= Dancing tree =

Tree data structure similar to B+ trees

In computer science, a dancing tree is a tree data structure similar to B+ trees. It was invented by Hans Reiser, for use by the Reiser4 file system. As opposed to self-balancing binary search trees that attempt to keep their nodes balanced at all times, dancing trees only balance their nodes when flushing data to a disk (either because of memory constraints or because a transaction has completed).

The idea behind this is to speed up file system operations by delaying optimization of the tree and only writing to disk when necessary, as writing to disk is thousands of times slower than writing to memory. Also, because this optimization is done less often than with other tree data structures, the optimization can be more extensive.

In some sense, this can be considered to be a self-balancing binary search tree that is optimized for storage on a slow medium, in that the on-disc form will always be balanced but will get no mid-transaction writes; doing so eases the difficulty of adding and removing nodes during a transaction.
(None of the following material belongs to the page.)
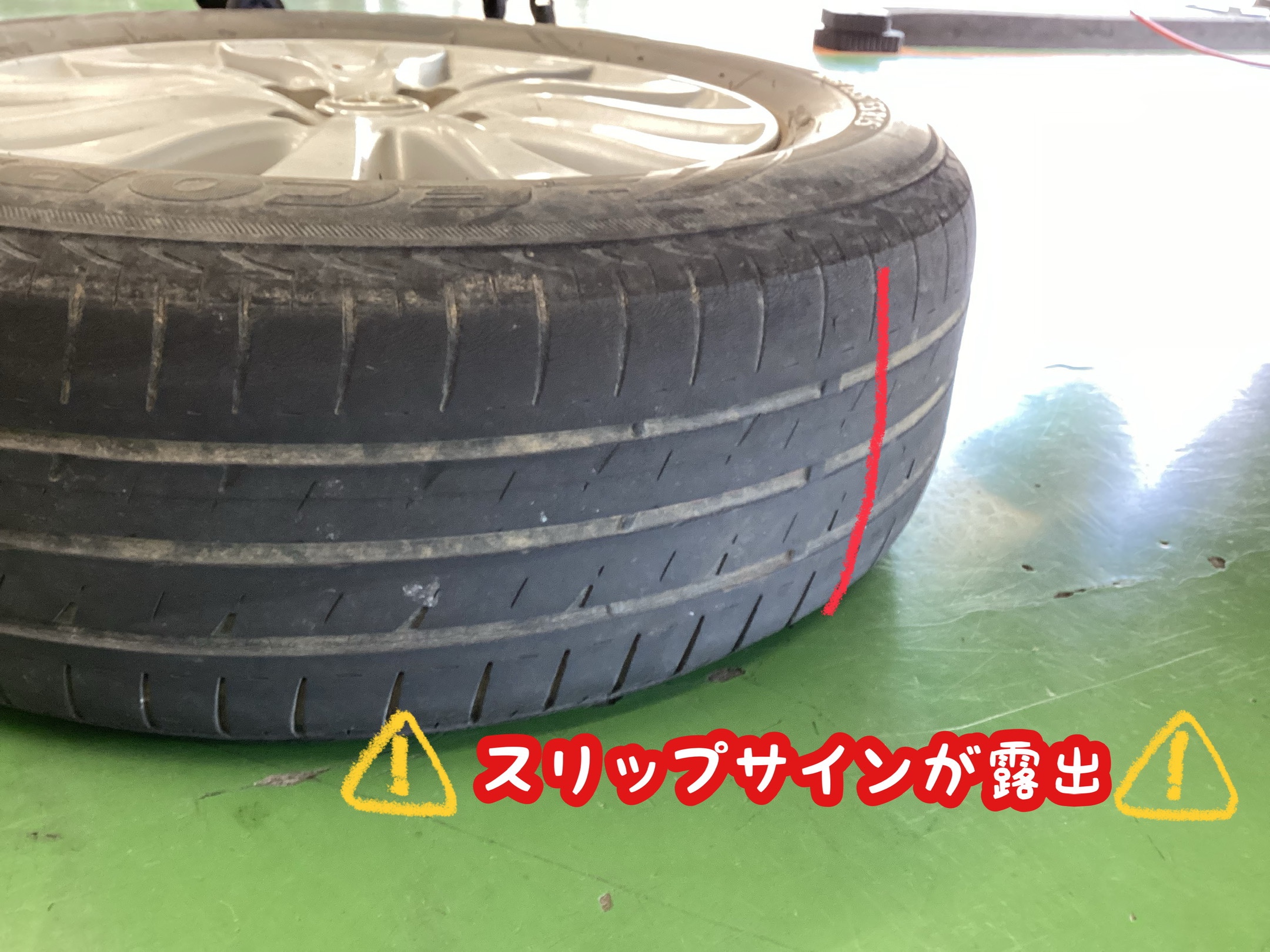 何よりスリップサイン(安全に使用できる目安)がほぼ完全に出てしまっています

Instead, these slow rebalancing operations are performed at the same time as the much slower write to the storage medium.

However, a negative side effect of this behavior manifests in cases of unexpected shutdown, incomplete data writes, and other occurrences that may prevent the final balanced transaction from completing. In general, dancing trees pose greater difficulty than conventional trees for data recovery from incomplete transactions, though this can be addressed by more thoroughly accounting for transacted data.